On Apr 29, 2010, at 5:52 AM, Tomas Ögren wrote:

> On 29 April, 2010 - Tomas Ögren sent me these 5,8K bytes:
> 
>> On 29 April, 2010 - Roy Sigurd Karlsbakk sent me these 10K bytes:
>> 
>>> I got this hint from Richard Elling, but haven't had time to test it much. 
>>> Perhaps someone else could help? 
>>> 
>>> roy 
>>> 
>>>> Interesting. If you'd like to experiment, you can change the limit of the 
>>>> number of scrub I/Os queued to each vdev. The default is 10, but that 
>>>> is too close to the normal limit. You can see the current scrub limit via: 
>>>> 
>>>> # echo zfs_scrub_limit/D | mdb -k 
>>>> zfs_scrub_limit: 
>>>> zfs_scrub_limit:10 
>>>> 
>>>> you can change it with: 
>>>> # echo zfs_scrub_limit/W0t2 | mdb -kw 
>>>> zfs_scrub_limit:0xa = 0x2 
>>>> 
>>>> # echo zfs_scrub_limit/D | mdb -k 
>>>> zfs_scrub_limit: 
>>>> zfs_scrub_limit:2 
>>>> 
>>>> In theory, this should help your scenario, but I do not believe this has 
>>>> been exhaustively tested in the lab.
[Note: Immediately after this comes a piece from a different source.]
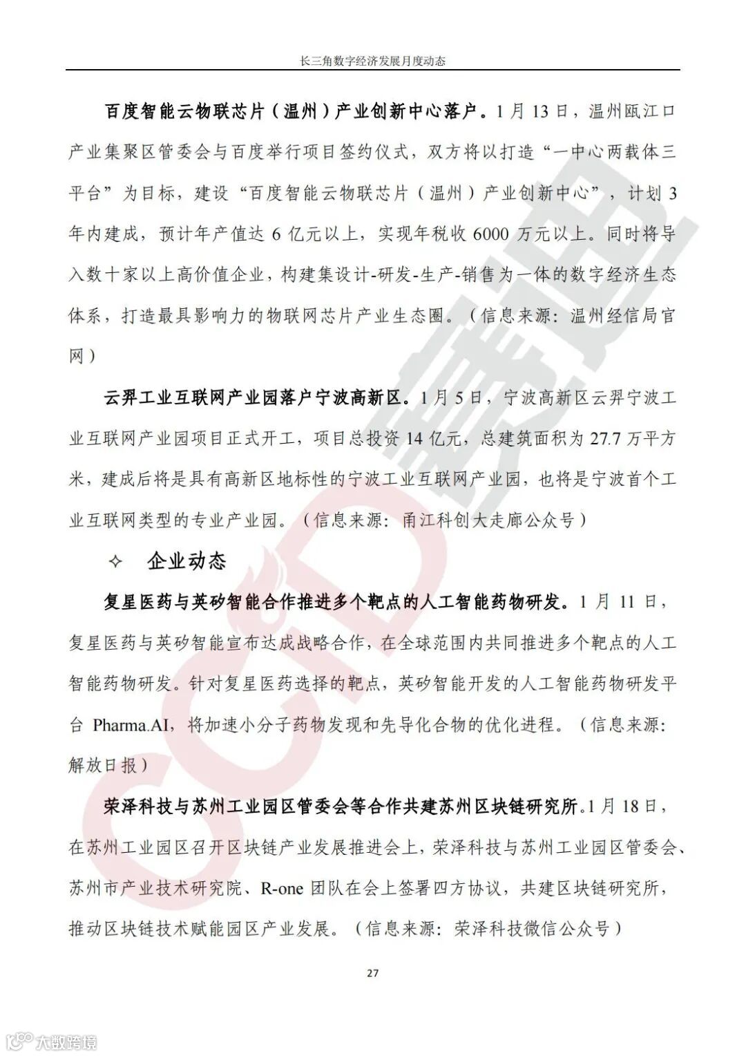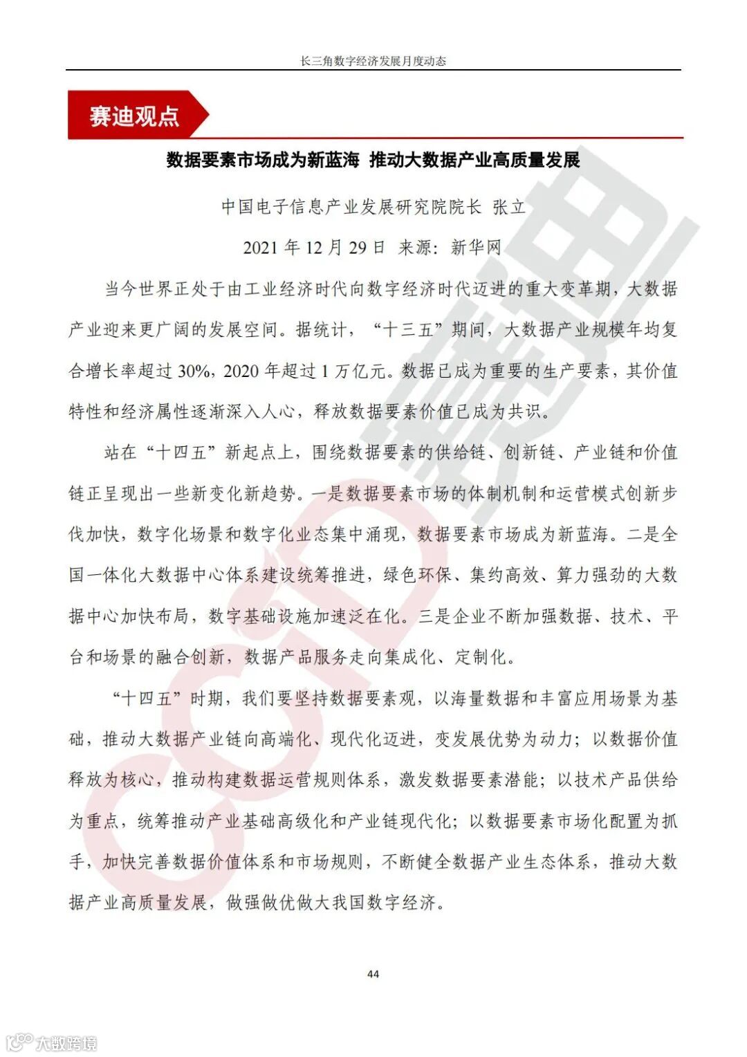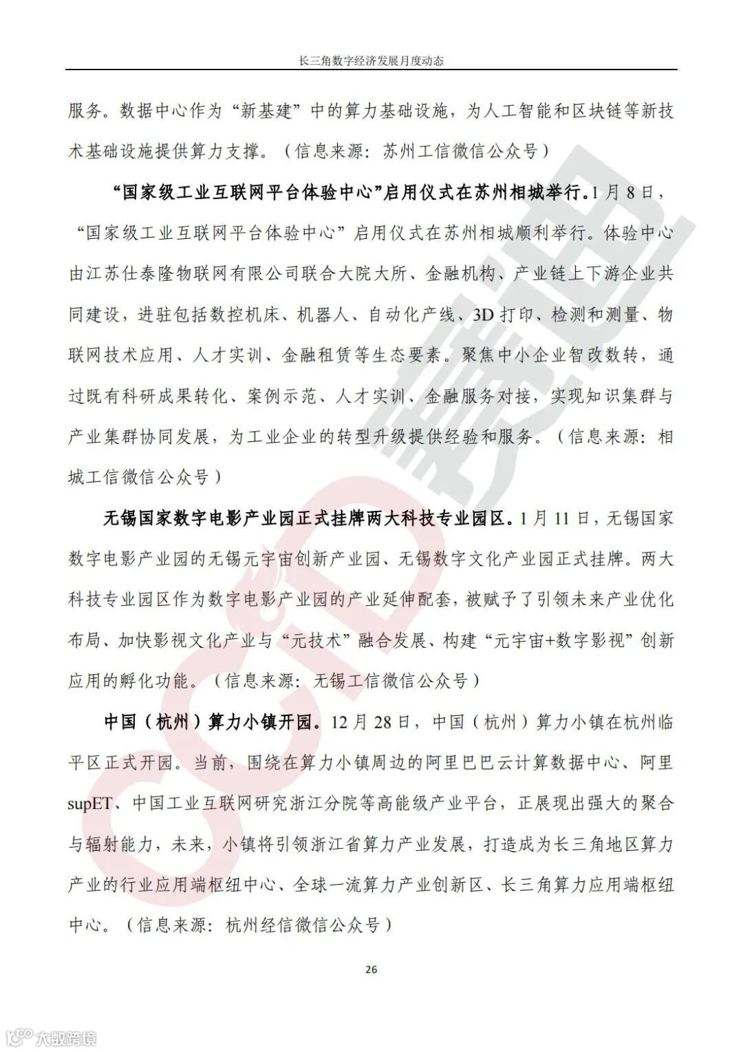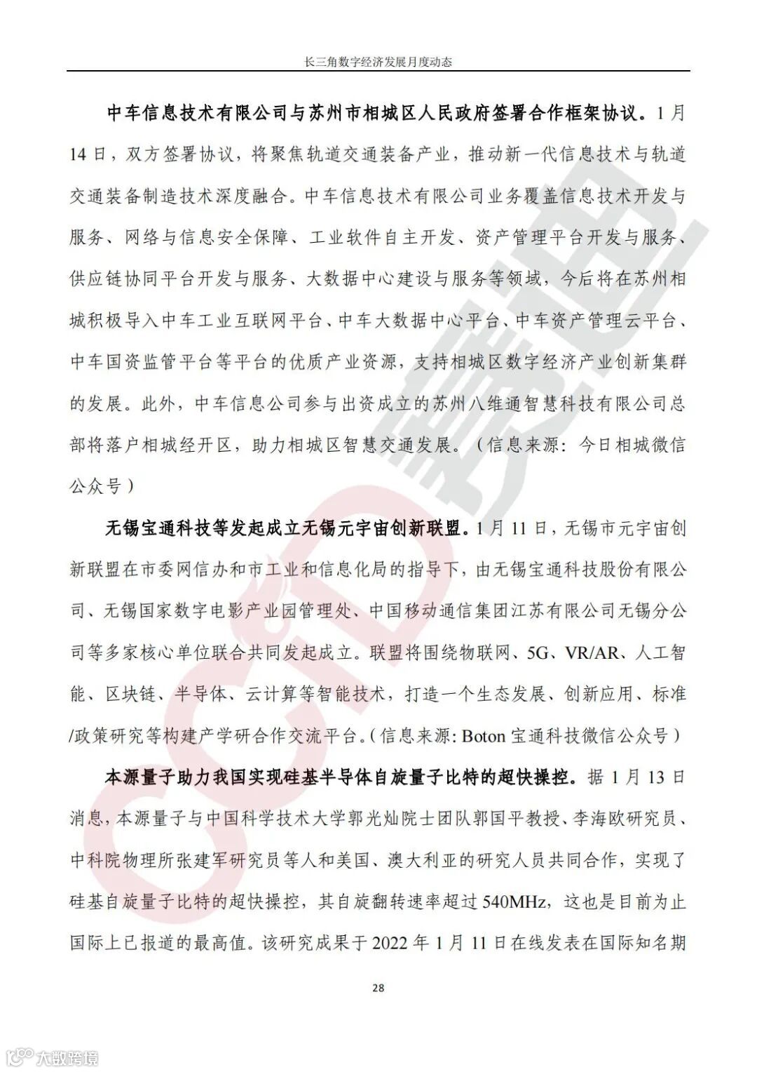 《长三角数字经济发展月度动态》2022年第1期来啦!本刊物由赛迪数字经济研究中心创办,重点聚焦《长江三角洲区域一体化发展规划纲要》中涵盖的27个中心区城市,以数字经济相关领域月度主要发展动态为主题,从数据洞察、政策汇集、行业观察、城市动态、长三角一体化、访谈讲话、赛迪观点等多个维度展现长三角数字经济的区域发展态势,进而为地方关切提供参考依据,助力地方经济社会发展。

Hopefully, it will help. 
>>>> -- richard 
>> 
>> If I'm reading the code right, it's only used when "creating" a new vdev
>> (import, zpool create, maybe at boot).. So I took an alternate route:
>> 
>> http://pastebin.com/hcYtQcJH
>> 
>> (spa_scrub_maxinflight used to be 0x46 (70 decimal) due to 7 devices *
>> zfs_scrub_limit(10) = 70..)
>> 
>> With these lower numbers, our pool is much more responsive over NFS..
> 
> But taking snapshots is quite bad.. A single recursive snapshot over
> ~800 filesystems took about 45 minutes, with NFS operations taking 5-10
> seconds.. Snapshots usually take 10-30 seconds..
> 
>> scrub: scrub in progress for 0h40m, 0.10% done, 697h29m to go
> 
> scrub: scrub in progress for 1h41m, 2.10% done, 78h35m to go
> 
> This is chugging along..
> 
> The server is a Fujitsu RX300 with a Quad Xeon 1.6GHz, 6G ram, 8x400G
> SATA through a U320SCSI<->SATA box - Infortrend A08U-G1410, Sol10u8.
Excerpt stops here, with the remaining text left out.